● **WORK INSTRUCTIONS**
The lines below from the one with "Nos próximos tópicos" up to and including the one with "10月21日,长沙市望城区丁" are what you should set down, exactly and without pictures.

● **MATERIAL SHOWN**
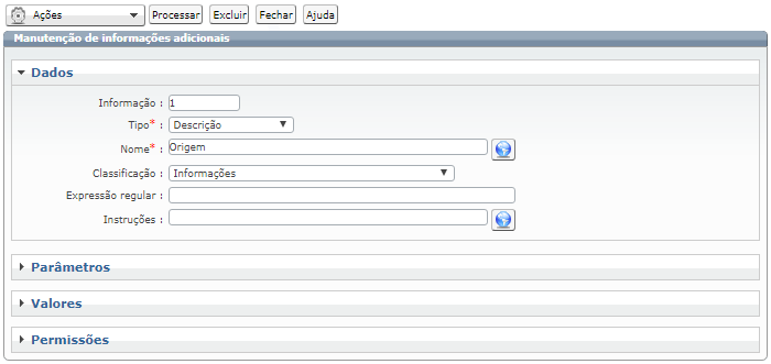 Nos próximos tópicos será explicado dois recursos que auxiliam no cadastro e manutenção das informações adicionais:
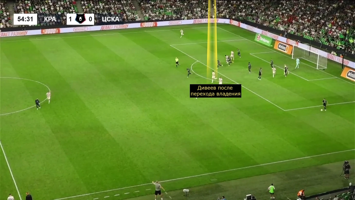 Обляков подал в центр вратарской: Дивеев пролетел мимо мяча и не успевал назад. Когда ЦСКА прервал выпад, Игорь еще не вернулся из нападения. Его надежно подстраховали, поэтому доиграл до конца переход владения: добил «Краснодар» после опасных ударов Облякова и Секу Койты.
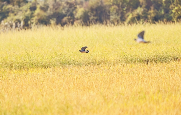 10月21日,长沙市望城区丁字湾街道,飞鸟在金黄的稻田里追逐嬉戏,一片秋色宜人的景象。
* * *
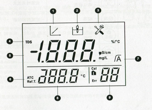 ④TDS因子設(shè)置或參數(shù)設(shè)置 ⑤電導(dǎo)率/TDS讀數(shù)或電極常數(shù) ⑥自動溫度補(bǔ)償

● **EXERCISE RESULT**
 Nos próximos tópicos será explicado dois recursos que auxiliam no cadastro e manutenção das informações adicionais:
 Обляков подал в центр вратарской: Дивеев пролетел мимо мяча и не успевал назад. Когда ЦСКА прервал выпад, Игорь еще не вернулся из нападения. Его надежно подстраховали, поэтому доиграл до конца переход владения: добил «Краснодар» после опасных ударов Облякова и Секу Койты.
 10月21日,长沙市望城区丁字湾街道,飞鸟在金黄的稻田里追逐嬉戏,一片秋色宜人的景象。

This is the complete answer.